• **PROVIDED RECORDS**
============================================================

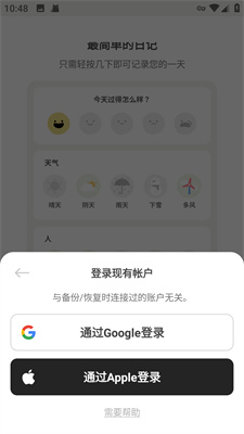 1、目前软件只提供了Google账号与苹果账号两个登陆方式。
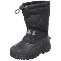 Little feet need big protection so when wet winter weather strikes pull out the Kamik Stormy waterproof winter boots for worry free play nbsp Waterproof adjustable upper with a locking bungee to hold things in place keeps snow and water away from toes and feet when snow drifts puddles and slush are just too hard to resist nbsp The extra grippy discover outsole and waterproof rubber shell prevents slips on slick surfaces and puts an end to squishy water filled boots For days when they canGÇÖt resist filling their boots (or their friends boots) with snow just for fun the removable thermal guard liner dries quickly so your kids are ready to play in no time Waterproof nylon upper and shell keeps water and moisture out 25F/ 32C comfort rating helps plan cold weather protection needs 6mm Thermal Guard Liner traps body heat to keep feet warm Moisture wicking lining moves moisture away from skin for dry feet Removable lining is replaceable for extended wear LiningGÇÖs reinforced seams and heel patch provide superior durability Adjustable Snow Collar with Bungee Lock Adjustable midfoot Velcro strap keeps boots on feet and customizes fit Flexible rubber shell for comfort during extended length activities DISCOVER rubber outsole maximizes traction Height 8 9 Inches Weight Per Pair 1 71 Lbs
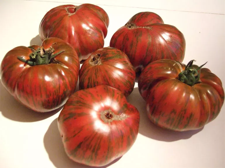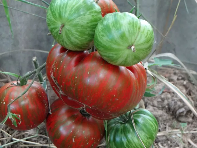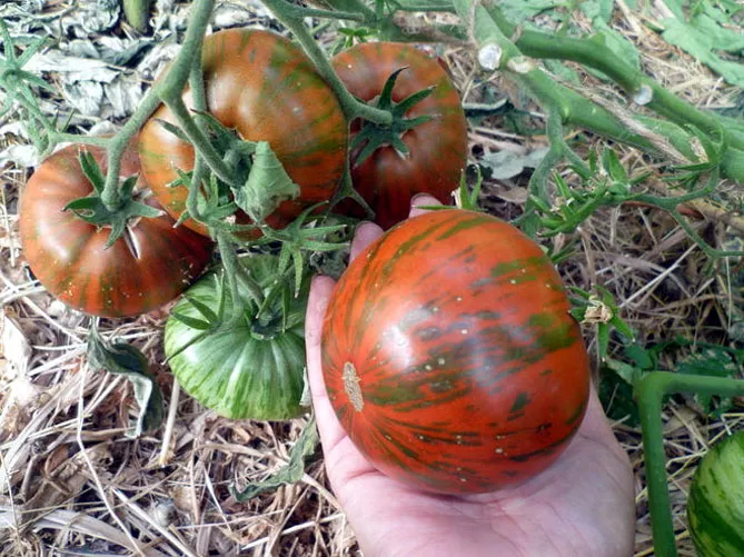 Отличный сорт, красивые полосатые томаты шоколадного цвета в зеленую полосочку, крупные (250-300 г)! Вкус – сладкий, сочный, очень понравился! Детерминант. У меня получился поздний. Мой фаворит!
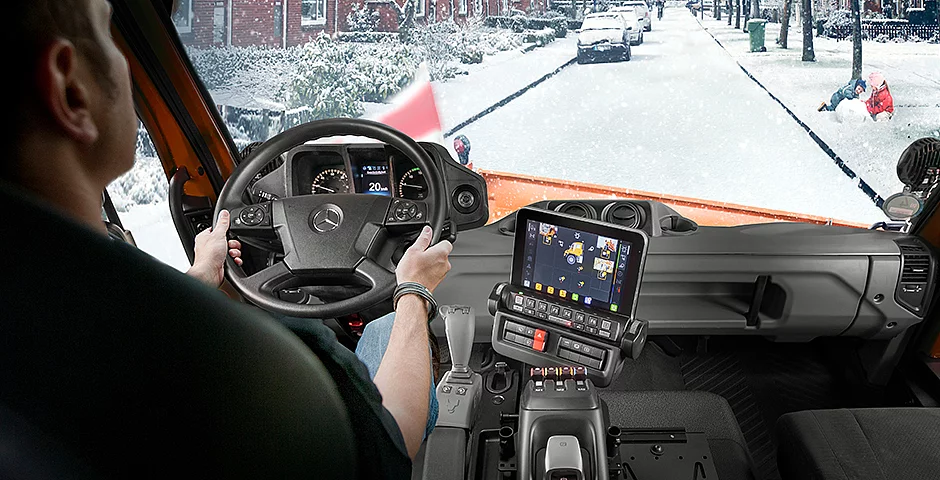 Mercedes-Benz Special Trucks präsentiert auf der IFAT in Halle C6, Stand 451, erstmalig einen Unimog mit neuem Bediensystem UNI-TOUCH sowie den neuen Sicherheitsfunktionen zur Erfüllung der ab Juli in Kraft tretenden EU-Gesetzgebung zur Verkehrssicherheit (General Safety Regulation, GSR). Im Rahmen der neuen GSR werden unter anderem ein Frontguard Assist, der Sideguard Assist 2, ein Verkehrszeichen-Assistent und eine Rückfahrkamera verbaut, um mehr Sicherheit, Unterstützung und Entlastung für Fahrer und Anwender zu schaffen. Außerdem können sich die Besucher an einem Simulator mit der Funktionalität der neuen Bedienung im Unimog Geräteträger vertraut machen.
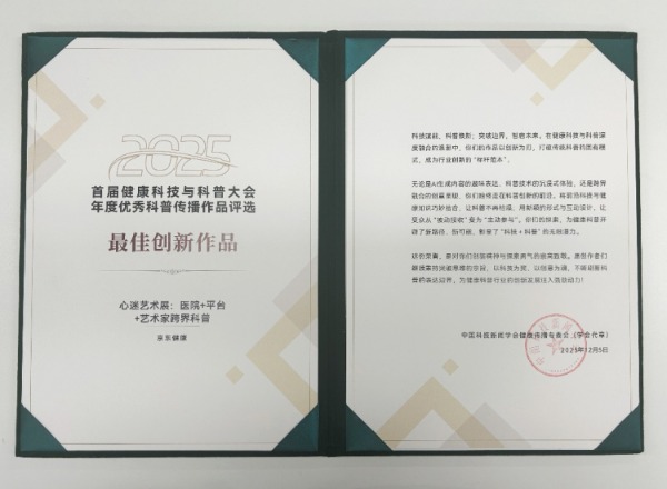 会上,京东健康携手武汉协和医院、武汉大学人民医院、武汉市精神卫生中心及知名艺术家、顶级专家共同打造的“心迷艺术展”,还斩获了大会年度优秀科普传播作品评选“最佳创新作品”奖。
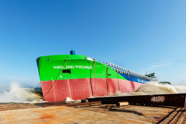Hagland Polaris was launched today at the Royal Bodewes shipyard in the Netherlands. The godmother broke the bottle on the first attempt and the ship went sideways into the canal as planned. The ship is expected to be completed after commissioning and sea trials in mid/late February 2026.
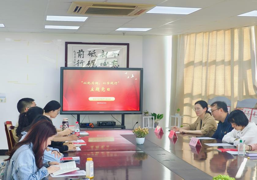 为进一步深化党纪学习教育,增强全体党员的党性修养,商务外语学院学生党支部于5月14日下午在行政楼407会议室开展“以纪为纲,以学促行”党纪学习教育主题党日活动。党支部全体党员参加了活动,活动由支部书记杨悦主持。
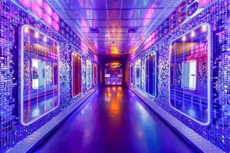 最令人惊喜的莫过于这个“搜藏之家”了,观众们进入这个房间后,基本都会发出一声“哇”的惊叹。其实这里展示的是品牌在2018秋冬系列广告片中的众多单品,又通过镜面反射,形成了令人炫目的装饰效果。
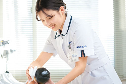 学内では、高機能シミュレーター(さまざまな生体反応や病態モデルを作り出すことができるマネキン)を活用した技術演習により確かな技術を修得します。また、臨地実習などで使用する「実習支援センター」を徳島赤十字病院の敷地内に設置するなど、実習もサポートします。早い時期から医療現場を体験することで医療人としての自覚を深めます。
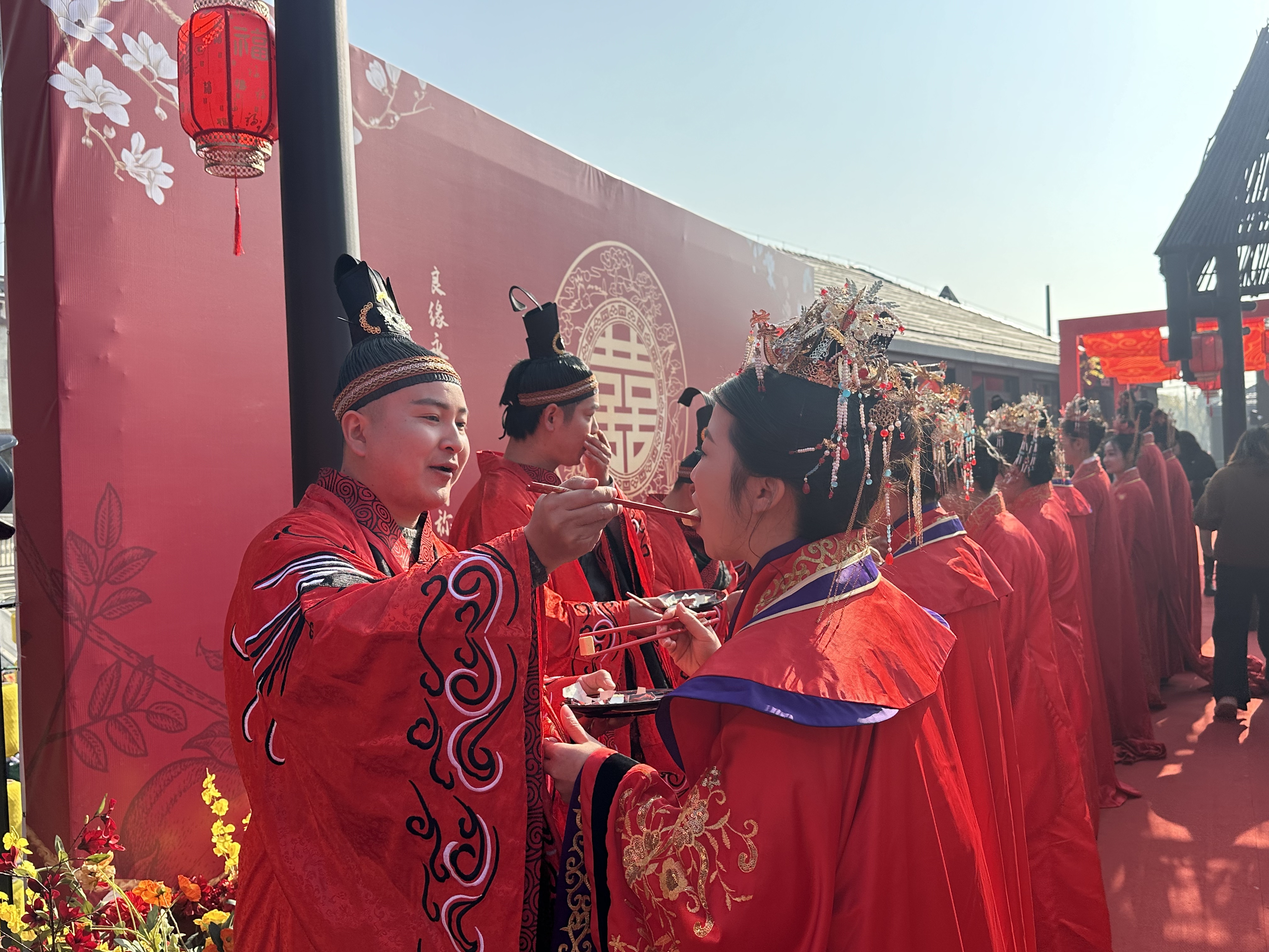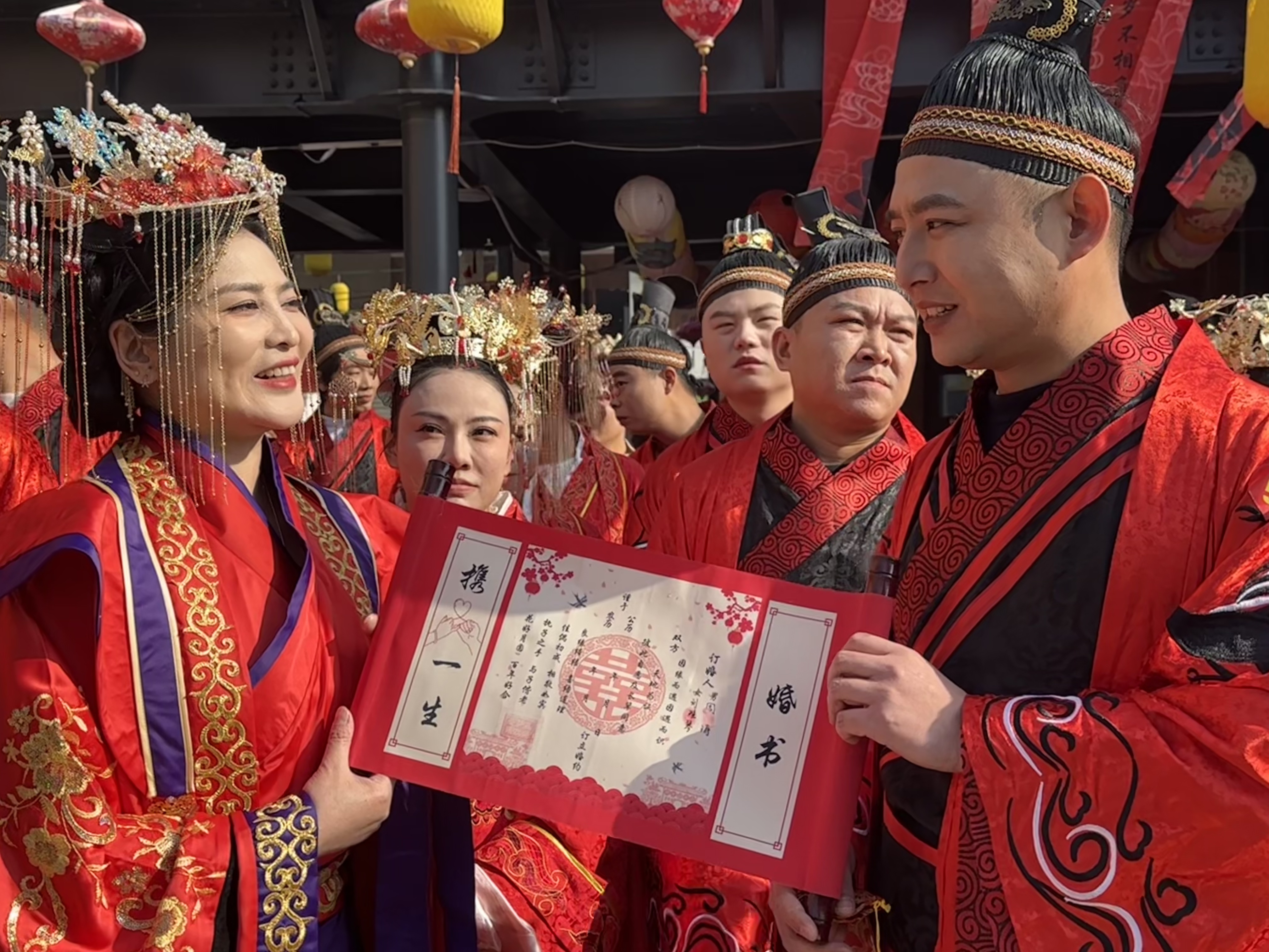 市民刘雅琴:“在这个楚秦文化氛围里面完成了这场婚礼比较有仪式感,我觉得是我人生里面最开心的一件事,和以往的婚礼也不同,比较有意义。”
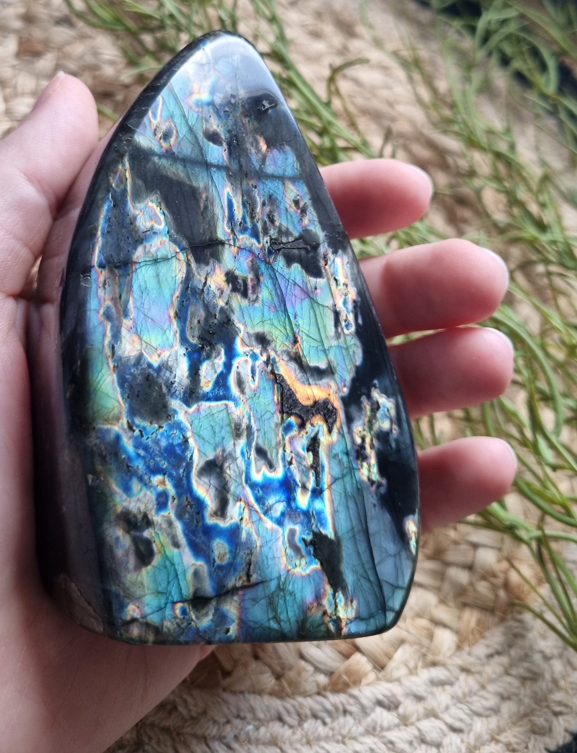 Labradoriet staat bekend om haar krachtige energetische eigenschappen. Ze wordt vaak gezien als een steen van bescherming en spirituele groei, die negatieve energie afweert en emotionele balans ondersteunt.
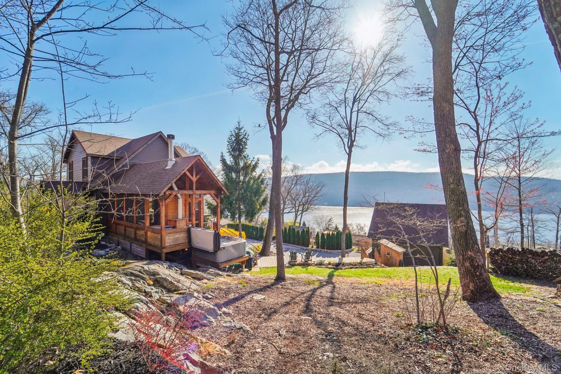 Prepare to be stunned by the magnificent beauty that awaits! This truly is the most beautiful home that I have ever listed. Designed for both relaxation and entertaining, this one-of-a-kind retreat offers a clever layout with panoramic views of Greenwood Lake, Sterling Forest, and the surrounding skyline. Exceptional craftsmanship and meticulous attention to detail are evident throughout, from the 9-foot entryway to the expansive walls of windows. The main floor features an entry way alcove open to a luxurious kitchen, dining and living room space. There is also a spectacular full bathroom alongside a versatile bonus room which can serve as an office, den, or exercise space. On the south side, a glass door leads to a stunning post & beam screened-in porch complete with a vaulted ceiling, stone fireplace, and multiple seating and dining areas. A floating staircase leads to the primary suite, which offers flexible design options including two additional rooms currently used as an office and an oversized dressing area. The showstopper is the elegant primary bathroom, featuring a clawfoot tub, a grand chandelier, a large glass shower, and beautiful vanity in soothing earth tones. This level also includes a convenient laundry space and accessible storage. The playful lower level sets the tone for cozy get togethers with rustic fieldstone walls & lake views. Outside, pathways lead to perennial gardens, a six-person jacuzzi, and a two-car garage with a large recreational room above. Whole house generator included! Residents of Indian Park enjoy two deeded lake access points with a lifeguard, a clubhouse, and Wi-Fi. The property is within walking distance of the Appalachian Trail and the NYC bus line. Students have a choice between Warwick Valley High School or Chester Academy.
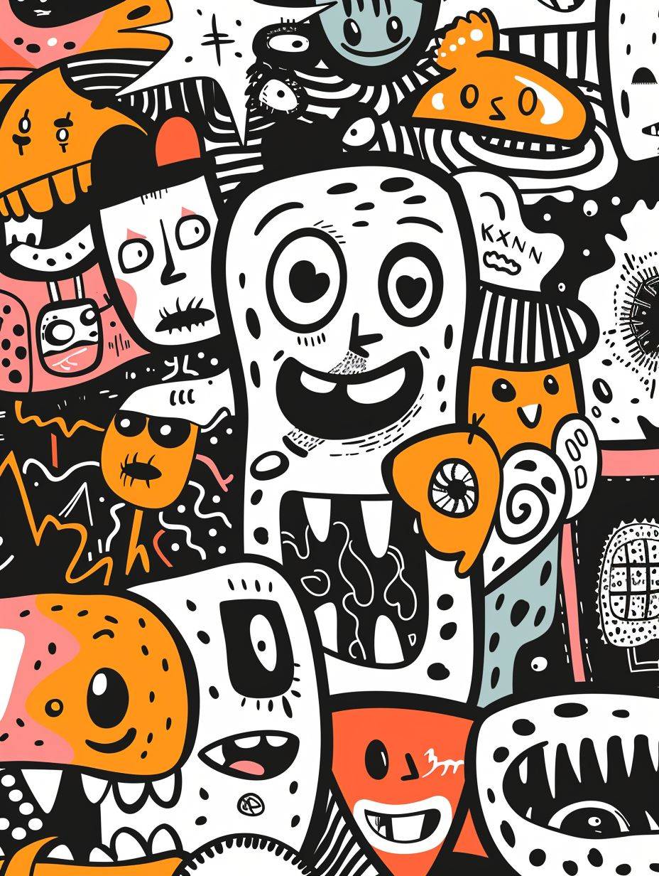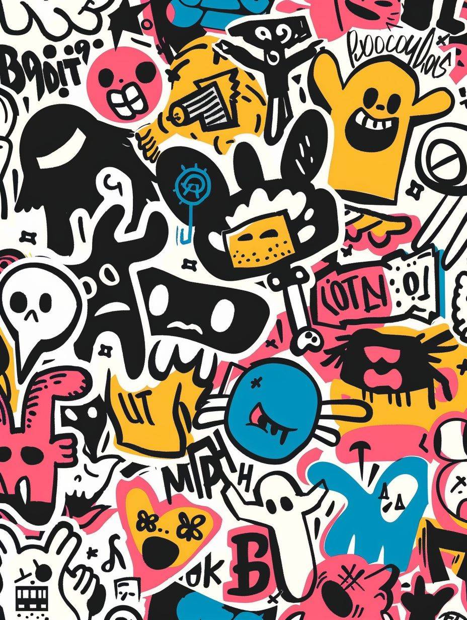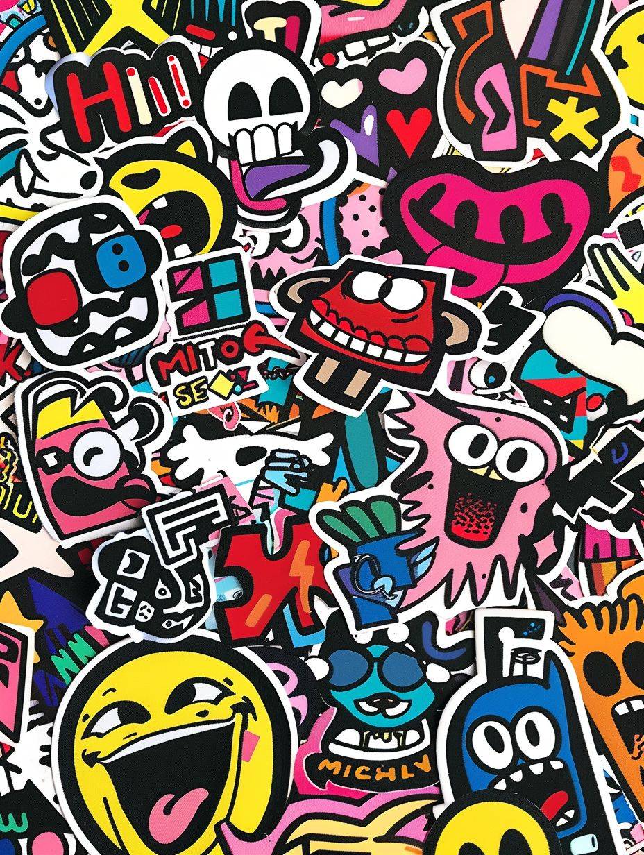 Various Patches, Pins, Stamps, Stickers.,Funny cute comic Characters. Different Phrases and words.,Hand drawn trendy Vector illustration. Cartoon style,Set of three Abstract square seamless Patterns.,Keith Haring style --ar 3:4

============================================================

• **TASK**
Would you return the whole listing exactly, without the pictures?

• **ANSWER BOX**
 1、目前软件只提供了Google账号与苹果账号两个登陆方式。
 Little feet need big protection so when wet winter weather strikes pull out the Kamik Stormy waterproof winter boots for worry free play nbsp Waterproof adjustable upper with a locking bungee to hold things in place keeps snow and water away from toes and feet when snow drifts puddles and slush are just too hard to resist nbsp The extra grippy discover outsole and waterproof rubber shell prevents slips on slick surfaces and puts an end to squishy water filled boots For days when they canGÇÖt resist filling their boots (or their friends boots) with snow just for fun the removable thermal guard liner dries quickly so your kids are ready to play in no time Waterproof nylon upper and shell keeps water and moisture out 25F/ 32C comfort rating helps plan cold weather protection needs 6mm Thermal Guard Liner traps body heat to keep feet warm Moisture wicking lining moves moisture away from skin for dry feet Removable lining is replaceable for extended wear LiningGÇÖs reinforced seams and heel patch provide superior durability Adjustable Snow Collar with Bungee Lock Adjustable midfoot Velcro strap keeps boots on feet and customizes fit Flexible rubber shell for comfort during extended length activities DISCOVER rubber outsole maximizes traction Height 8 9 Inches Weight Per Pair 1 71 Lbs
 Отличный сорт, красивые полосатые томаты шоколадного цвета в зеленую полосочку, крупные (250-300 г)! Вкус – сладкий, сочный, очень понравился! Детерминант. У меня получился поздний. Мой фаворит!
 Mercedes-Benz Special Trucks präsentiert auf der IFAT in Halle C6, Stand 451, erstmalig einen Unimog mit neuem Bediensystem UNI-TOUCH sowie den neuen Sicherheitsfunktionen zur Erfüllung der ab Juli in Kraft tretenden EU-Gesetzgebung zur Verkehrssicherheit (General Safety Regulation, GSR). Im Rahmen der neuen GSR werden unter anderem ein Frontguard Assist, der Sideguard Assist 2, ein Verkehrszeichen-Assistent und eine Rückfahrkamera verbaut, um mehr Sicherheit, Unterstützung und Entlastung für Fahrer und Anwender zu schaffen. Außerdem können sich die Besucher an einem Simulator mit der Funktionalität der neuen Bedienung im Unimog Geräteträger vertraut machen.
 会上,京东健康携手武汉协和医院、武汉大学人民医院、武汉市精神卫生中心及知名艺术家、顶级专家共同打造的“心迷艺术展”,还斩获了大会年度优秀科普传播作品评选“最佳创新作品”奖。
Hagland Polaris was launched today at the Royal Bodewes shipyard in the Netherlands. The godmother broke the bottle on the first attempt and the ship went sideways into the canal as planned. The ship is expected to be completed after commissioning and sea trials in mid/late February 2026.
 为进一步深化党纪学习教育,增强全体党员的党性修养,商务外语学院学生党支部于5月14日下午在行政楼407会议室开展“以纪为纲,以学促行”党纪学习教育主题党日活动。党支部全体党员参加了活动,活动由支部书记杨悦主持。
 最令人惊喜的莫过于这个“搜藏之家”了,观众们进入这个房间后,基本都会发出一声“哇”的惊叹。其实这里展示的是品牌在2018秋冬系列广告片中的众多单品,又通过镜面反射,形成了令人炫目的装饰效果。
 学内では、高機能シミュレーター(さまざまな生体反応や病態モデルを作り出すことができるマネキン)を活用した技術演習により確かな技術を修得します。また、臨地実習などで使用する「実習支援センター」を徳島赤十字病院の敷地内に設置するなど、実習もサポートします。早い時期から医療現場を体験することで医療人としての自覚を深めます。
 市民刘雅琴:“在这个楚秦文化氛围里面完成了这场婚礼比较有仪式感,我觉得是我人生里面最开心的一件事,和以往的婚礼也不同,比较有意义。”
 Labradoriet staat bekend om haar krachtige energetische eigenschappen. Ze wordt vaak gezien als een steen van bescherming en spirituele groei, die negatieve energie afweert en emotionele balans ondersteunt.
 Prepare to be stunned by the magnificent beauty that awaits! This truly is the most beautiful home that I have ever listed. Designed for both relaxation and entertaining, this one-of-a-kind retreat offers a clever layout with panoramic views of Greenwood Lake, Sterling Forest, and the surrounding skyline. Exceptional craftsmanship and meticulous attention to detail are evident throughout, from the 9-foot entryway to the expansive walls of windows. The main floor features an entry way alcove open to a luxurious kitchen, dining and living room space. There is also a spectacular full bathroom alongside a versatile bonus room which can serve as an office, den, or exercise space. On the south side, a glass door leads to a stunning post & beam screened-in porch complete with a vaulted ceiling, stone fireplace, and multiple seating and dining areas. A floating staircase leads to the primary suite, which offers flexible design options including two additional rooms currently used as an office and an oversized dressing area. The showstopper is the elegant primary bathroom, featuring a clawfoot tub, a grand chandelier, a large glass shower, and beautiful vanity in soothing earth tones. This level also includes a convenient laundry space and accessible storage. The playful lower level sets the tone for cozy get togethers with rustic fieldstone walls & lake views. Outside, pathways lead to perennial gardens, a six-person jacuzzi, and a two-car garage with a large recreational room above. Whole house generator included! Residents of Indian Park enjoy two deeded lake access points with a lifeguard, a clubhouse, and Wi-Fi. The property is within walking distance of the Appalachian Trail and the NYC bus line. Students have a choice between Warwick Valley High School or Chester Academy.
 Various Patches, Pins, Stamps, Stickers.,Funny cute comic Characters. Different Phrases and words.,Hand drawn trendy Vector illustration. Cartoon style,Set of three Abstract square seamless Patterns.,Keith Haring style --ar 3:4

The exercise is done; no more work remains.